**ABOUT THIS TASK:**
The output should be all lines of the entries below in which the word "design" occurs.

== == ==

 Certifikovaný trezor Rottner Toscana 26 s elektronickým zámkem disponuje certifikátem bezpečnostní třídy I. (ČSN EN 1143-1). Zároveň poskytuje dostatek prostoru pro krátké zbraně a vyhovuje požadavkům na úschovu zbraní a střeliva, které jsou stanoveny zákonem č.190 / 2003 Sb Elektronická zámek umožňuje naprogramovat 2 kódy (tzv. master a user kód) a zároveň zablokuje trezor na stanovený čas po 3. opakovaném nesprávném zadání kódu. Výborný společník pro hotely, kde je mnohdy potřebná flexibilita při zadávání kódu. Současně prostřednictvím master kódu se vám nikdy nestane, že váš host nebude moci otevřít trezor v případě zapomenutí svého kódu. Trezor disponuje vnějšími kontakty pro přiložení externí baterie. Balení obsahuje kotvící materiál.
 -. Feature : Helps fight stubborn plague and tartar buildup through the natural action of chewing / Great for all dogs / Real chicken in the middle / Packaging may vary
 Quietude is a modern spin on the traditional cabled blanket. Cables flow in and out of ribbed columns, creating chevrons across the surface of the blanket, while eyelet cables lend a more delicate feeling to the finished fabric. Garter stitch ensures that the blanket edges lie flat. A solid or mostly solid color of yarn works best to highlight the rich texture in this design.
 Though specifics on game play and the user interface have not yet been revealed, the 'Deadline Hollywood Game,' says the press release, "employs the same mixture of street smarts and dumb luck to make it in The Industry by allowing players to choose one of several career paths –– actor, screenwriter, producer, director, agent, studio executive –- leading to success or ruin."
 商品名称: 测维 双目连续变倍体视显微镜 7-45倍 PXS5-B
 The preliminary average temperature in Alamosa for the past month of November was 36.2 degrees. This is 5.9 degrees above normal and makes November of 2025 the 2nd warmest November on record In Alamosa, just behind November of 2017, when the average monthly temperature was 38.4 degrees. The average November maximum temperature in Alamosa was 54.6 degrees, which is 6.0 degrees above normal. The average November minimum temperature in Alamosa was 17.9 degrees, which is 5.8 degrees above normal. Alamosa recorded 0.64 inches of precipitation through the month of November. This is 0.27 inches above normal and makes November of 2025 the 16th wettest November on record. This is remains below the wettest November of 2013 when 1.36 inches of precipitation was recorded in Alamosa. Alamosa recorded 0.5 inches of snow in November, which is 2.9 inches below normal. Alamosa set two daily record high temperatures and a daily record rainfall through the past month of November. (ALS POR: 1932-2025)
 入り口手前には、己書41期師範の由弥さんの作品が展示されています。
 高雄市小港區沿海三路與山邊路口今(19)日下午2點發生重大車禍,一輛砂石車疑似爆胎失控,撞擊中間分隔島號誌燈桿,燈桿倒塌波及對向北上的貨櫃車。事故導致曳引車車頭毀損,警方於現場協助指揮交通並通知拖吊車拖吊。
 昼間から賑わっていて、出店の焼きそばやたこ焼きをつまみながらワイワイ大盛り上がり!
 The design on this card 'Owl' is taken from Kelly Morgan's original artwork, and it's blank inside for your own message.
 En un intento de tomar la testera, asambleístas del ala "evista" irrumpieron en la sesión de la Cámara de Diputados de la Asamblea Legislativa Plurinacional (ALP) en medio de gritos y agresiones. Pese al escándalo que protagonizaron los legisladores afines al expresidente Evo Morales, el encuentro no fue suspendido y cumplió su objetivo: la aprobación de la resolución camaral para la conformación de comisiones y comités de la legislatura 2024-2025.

== == ==

**RESULT:**
 Quietude is a modern spin on the traditional cabled blanket. Cables flow in and out of ribbed columns, creating chevrons across the surface of the blanket, while eyelet cables lend a more delicate feeling to the finished fabric. Garter stitch ensures that the blanket edges lie flat. A solid or mostly solid color of yarn works best to highlight the rich texture in this design.
 The design on this card 'Owl' is taken from Kelly Morgan's original artwork, and it's blank inside for your own message.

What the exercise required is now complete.